Der nächste Kurs am 22. September ist mit "Wohlbefinden für Haut & Seele, schöne Haut und starke Nerven" überschrieben. "Diese Veranstaltung ist eine Einladung, in die Welt der wohltuenden Heilkräuter und die vielfältigen Möglichkeiten ihrer Zubereitung hineinzuschnuppern". In einer kleinen Gruppe und in entspannter Atmosphäre lernen die Teilnehmer die Kräuter und ihre Wirkung kennen. Weigand möchte die Freude am gemeinsamen Tun und am Experimentieren vermitteln, wie sie sagt. Die Kräuterfachfrau ist dem Fachbegriff nach Phytotherapeutin. "Die Leute verstehen immer Physiotherapeutin und wollen Massagen bei mir buchen, daher sage ich ich bin eine 'Kräuterfrau'." Ein Schwerpunkt ihrer Arbeit ist das "Räuchern". Spricht man das Thema an, merkt man schnell, dass hier ihre ganz große Leidenschaft steckt. "Geräuchert haben die Menschen schon in der Steinzeit und haben Kräuter und Harze in ihren Feuern mit verbrannt.

Auch die alten Ägypter räucherten." Die ägyptische Räuchermischung Kyphi, in der auch in Rotwein eingelegte Rosinen Verwendung finden, vertreibt die Sorgen des Tages und wird von der fränkischen Kräuterfrau für die Abenddämmerung empfohlen. "Bei den Kelten und Germanen hat sich bei uns dann der Räucherkult richtig entwickelt." "Ich möchte eine Brücke von den Ursprüngen dieser alten Tradition zu unserer heutigen Zeit schlagen", sagt die Therapeutin. "Wir erinnern in einem Räucher-Workshop an die Ursprünge der christlichen Feste, die früher oft von anderen Religionen besetzt waren." Das heißt aber nicht, dass sie die alten Feste feiert. "Das Räuchern nach den alten Traditionen steht dem christlichem Verständnis nicht entgegen."

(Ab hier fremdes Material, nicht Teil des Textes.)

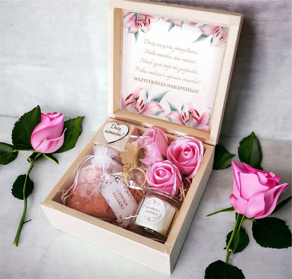 Prezent DZIEŃ KOBIET dla Dziewczyny Żony Mamy Babci FLOWER BOX KOSZ PREZENTOWY❤️

Es gibt das Verbrennen und das Verglimmen von aromatischen Stoffe über einem Sieb. "In der Zeit der großen Epidemien, wie der Pest, hat man auf sogenannten Pest-Feuern geräuchert und vor allem Wacholder vor den Städten verbrannt." Die Pflanze hat nachgewiesenerweise antivirale Wirkung, so Weigand. Die Substanzen, vor allem in den Harzen, wirken desinfizierend.

Daher hat man früher Taubenschläge oder Ställe ausgeräuchert. In manchen Gegenden wird das heute noch praktiziert. "Wenn jemand krank war oder gestorben war, wurde der Raum ausgeräuchert. Daher sieht man unter dem Dachgiebel alter Häuser manchmal noch das sogenannte Herrgottsfenster. Da konnte sich der Rauch in den Himmel verflüchtigen – und mit ihm die Seele in den Himmel entweichen, wie man glaubte."